*** Opening DATA EXTRACT ***
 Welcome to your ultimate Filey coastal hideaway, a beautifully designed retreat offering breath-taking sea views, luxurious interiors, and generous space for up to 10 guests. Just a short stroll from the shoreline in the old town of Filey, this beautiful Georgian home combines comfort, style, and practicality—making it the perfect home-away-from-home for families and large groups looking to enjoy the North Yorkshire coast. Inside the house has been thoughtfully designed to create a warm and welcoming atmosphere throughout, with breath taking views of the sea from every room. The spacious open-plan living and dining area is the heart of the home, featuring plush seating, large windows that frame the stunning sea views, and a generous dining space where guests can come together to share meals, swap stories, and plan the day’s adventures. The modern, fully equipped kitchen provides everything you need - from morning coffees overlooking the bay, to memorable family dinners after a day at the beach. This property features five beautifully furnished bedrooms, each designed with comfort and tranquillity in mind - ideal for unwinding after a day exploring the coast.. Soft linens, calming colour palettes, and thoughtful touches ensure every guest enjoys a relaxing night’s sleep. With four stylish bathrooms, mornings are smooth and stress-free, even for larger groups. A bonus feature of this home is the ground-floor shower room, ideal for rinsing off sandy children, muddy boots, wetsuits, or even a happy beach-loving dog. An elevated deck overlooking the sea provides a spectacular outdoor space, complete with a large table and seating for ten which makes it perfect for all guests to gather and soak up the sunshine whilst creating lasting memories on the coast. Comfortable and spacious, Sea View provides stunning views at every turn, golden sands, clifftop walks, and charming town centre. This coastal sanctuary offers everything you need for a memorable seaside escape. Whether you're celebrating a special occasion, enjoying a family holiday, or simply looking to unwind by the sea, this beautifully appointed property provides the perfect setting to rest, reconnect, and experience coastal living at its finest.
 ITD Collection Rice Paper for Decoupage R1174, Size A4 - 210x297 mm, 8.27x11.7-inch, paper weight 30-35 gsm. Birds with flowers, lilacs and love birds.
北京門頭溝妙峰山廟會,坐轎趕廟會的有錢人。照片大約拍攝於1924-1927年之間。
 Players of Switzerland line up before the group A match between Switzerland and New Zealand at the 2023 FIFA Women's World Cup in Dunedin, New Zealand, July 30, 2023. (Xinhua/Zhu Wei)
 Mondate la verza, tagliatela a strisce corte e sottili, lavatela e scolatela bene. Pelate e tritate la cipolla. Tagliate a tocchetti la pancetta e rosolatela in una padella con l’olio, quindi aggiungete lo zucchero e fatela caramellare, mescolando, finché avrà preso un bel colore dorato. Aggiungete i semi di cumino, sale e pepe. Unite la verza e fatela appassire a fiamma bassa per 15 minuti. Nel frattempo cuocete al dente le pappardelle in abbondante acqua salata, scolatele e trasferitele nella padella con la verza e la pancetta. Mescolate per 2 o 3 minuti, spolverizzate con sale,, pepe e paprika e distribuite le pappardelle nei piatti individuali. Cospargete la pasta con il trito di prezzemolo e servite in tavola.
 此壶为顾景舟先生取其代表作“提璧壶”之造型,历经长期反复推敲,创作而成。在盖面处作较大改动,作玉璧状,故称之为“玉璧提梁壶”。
*** Closing DATA EXTRACT ***
### ASSIGNED TASK
Produce only the lines from the line containing "ITD Collection Rice" through the line containing "Players of Switzerland", inclusive of both, exactly as they stand in the entries above.

### RESULT
 ITD Collection Rice Paper for Decoupage R1174, Size A4 - 210x297 mm, 8.27x11.7-inch, paper weight 30-35 gsm. Birds with flowers, lilacs and love birds.
北京門頭溝妙峰山廟會,坐轎趕廟會的有錢人。照片大約拍攝於1924-1927年之間。
 Players of Switzerland line up before the group A match between Switzerland and New Zealand at the 2023 FIFA Women's World Cup in Dunedin, New Zealand, July 30, 2023. (Xinhua/Zhu Wei)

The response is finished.